■ THE PROBLEM
A picture-free, exact reproduction of the listing that follows is required.

── COLLECTED MATERIAL

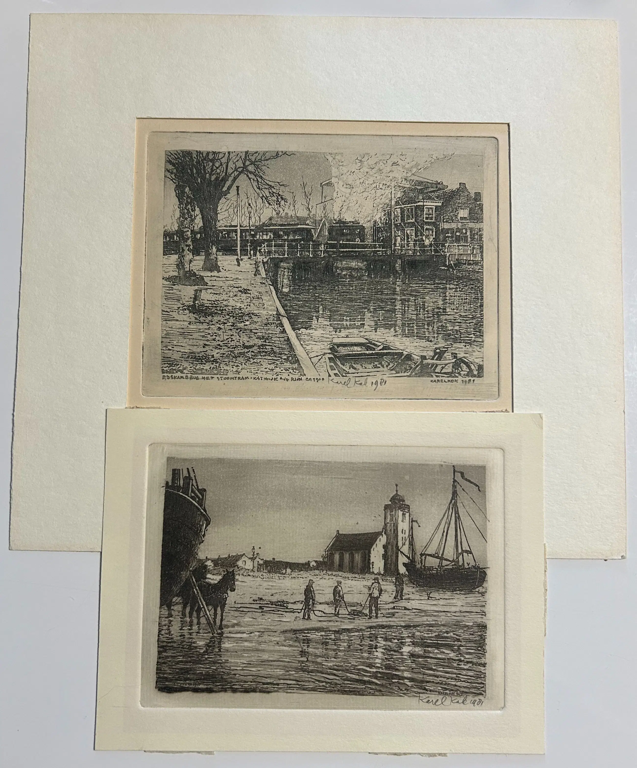 Set van 2 kunstwerkjes van Karel Kok. Lot van twee mooie kunstwerkjes, beide in goede staat. De afmetingen van het grotere werk zijn zoals aangegeven, de kleinere heeft een hoogte van 9,5 cm en breedte van 12,5 cm (met passe-partout: 12 × 16 cm). Beide werken zijn netjes en verzorgd; zie foto’s voor verdere details en een volledige indruk van de kunstwerkjes.
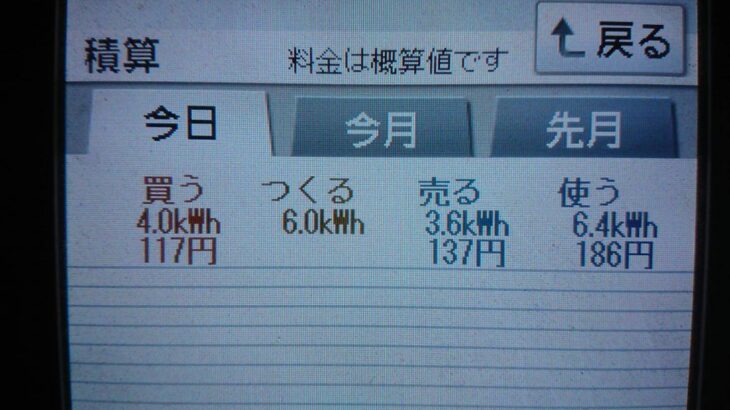 パナソニックHIT240 5kW2019/6/10の太陽光発電量 6.0kWh月…
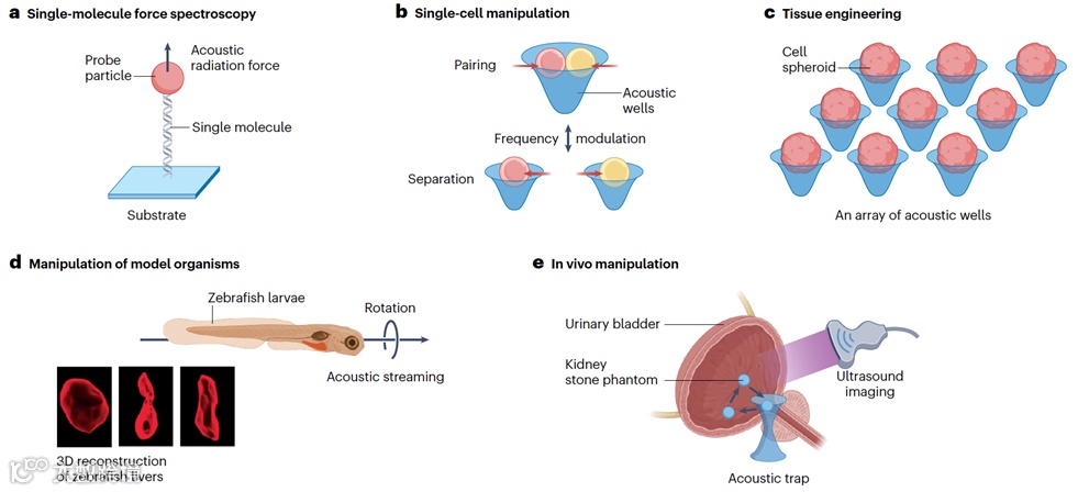 图6. 声镊在精准生物学与医学中的典型应用。a,声镊可用于捕获单个颗粒并牵引单分子,用于开展力谱研究。b,该技术支持细胞对的可逆配对与分离,适用于细胞间相互作用研究。c,声镊可引导单细胞组装成类似组织的结构,为组织工程提供新手段。d,已应用于模型生物如斑马鱼幼体的操控,支持其空间定位与行为干预。e,可在猪膀胱体内实现毫米级颗粒的操控,展示其在活体环境中的应用潜力。
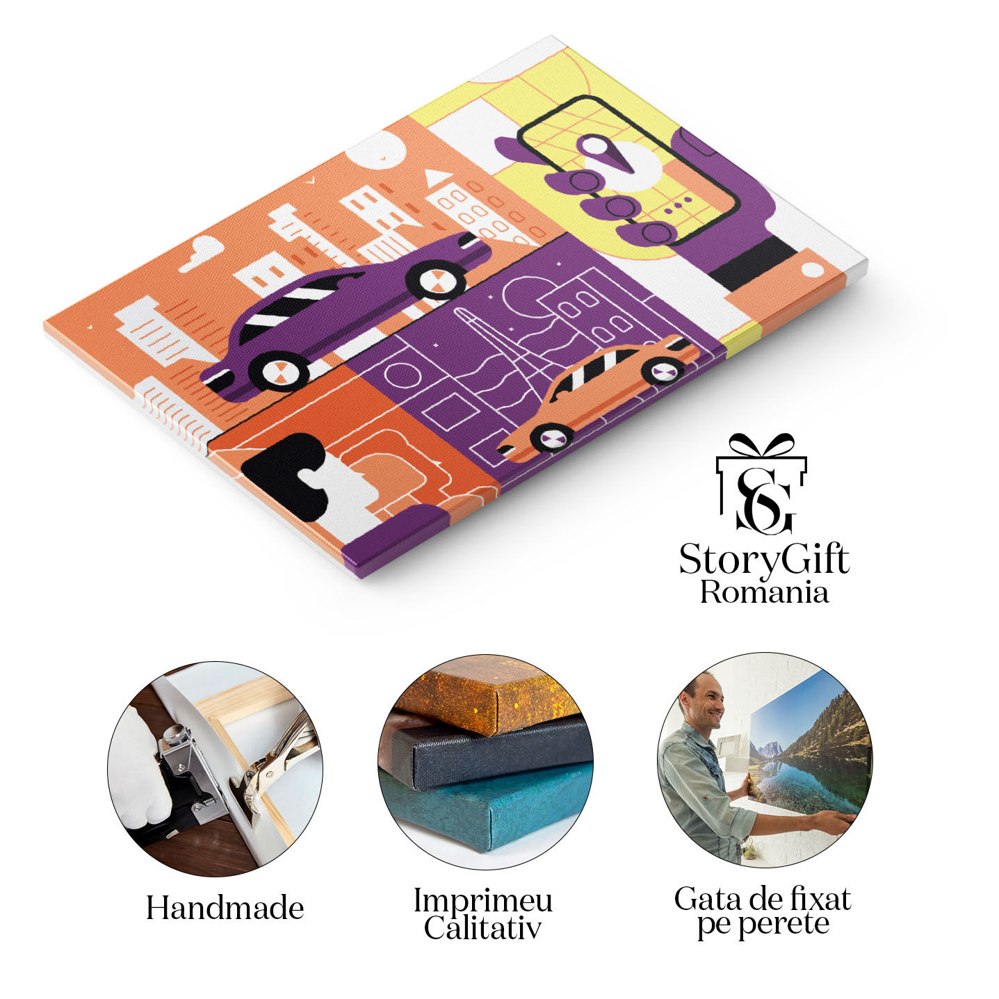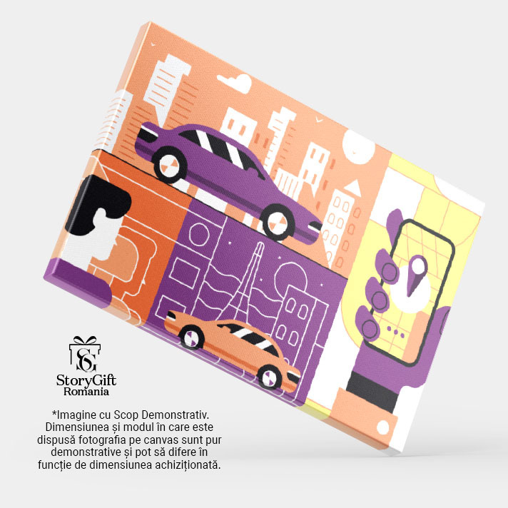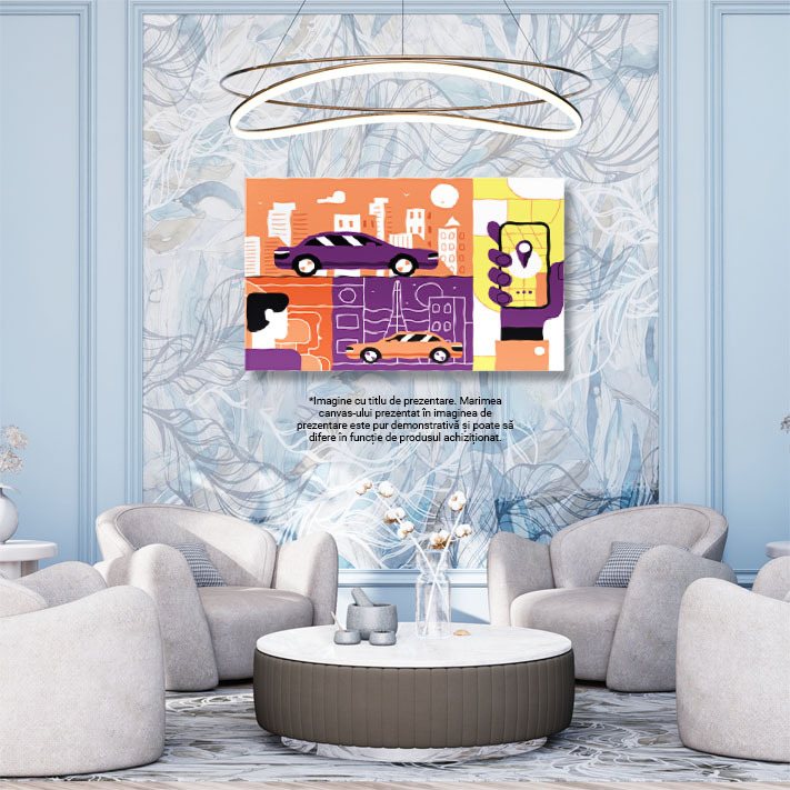 Tablou Canvas Masina Mov in Lumea Portocalie si Masina Portocalie in Lumea Mov Ilustratie cu un Telefon 40x25CM

────

■ RESULT
 Set van 2 kunstwerkjes van Karel Kok. Lot van twee mooie kunstwerkjes, beide in goede staat. De afmetingen van het grotere werk zijn zoals aangegeven, de kleinere heeft een hoogte van 9,5 cm en breedte van 12,5 cm (met passe-partout: 12 × 16 cm). Beide werken zijn netjes en verzorgd; zie foto’s voor verdere details en een volledige indruk van de kunstwerkjes.
 パナソニックHIT240 5kW2019/6/10の太陽光発電量 6.0kWh月…
 图6. 声镊在精准生物学与医学中的典型应用。a,声镊可用于捕获单个颗粒并牵引单分子,用于开展力谱研究。b,该技术支持细胞对的可逆配对与分离,适用于细胞间相互作用研究。c,声镊可引导单细胞组装成类似组织的结构,为组织工程提供新手段。d,已应用于模型生物如斑马鱼幼体的操控,支持其空间定位与行为干预。e,可在猪膀胱体内实现毫米级颗粒的操控,展示其在活体环境中的应用潜力。
 Tablou Canvas Masina Mov in Lumea Portocalie si Masina Portocalie in Lumea Mov Ilustratie cu un Telefon 40x25CM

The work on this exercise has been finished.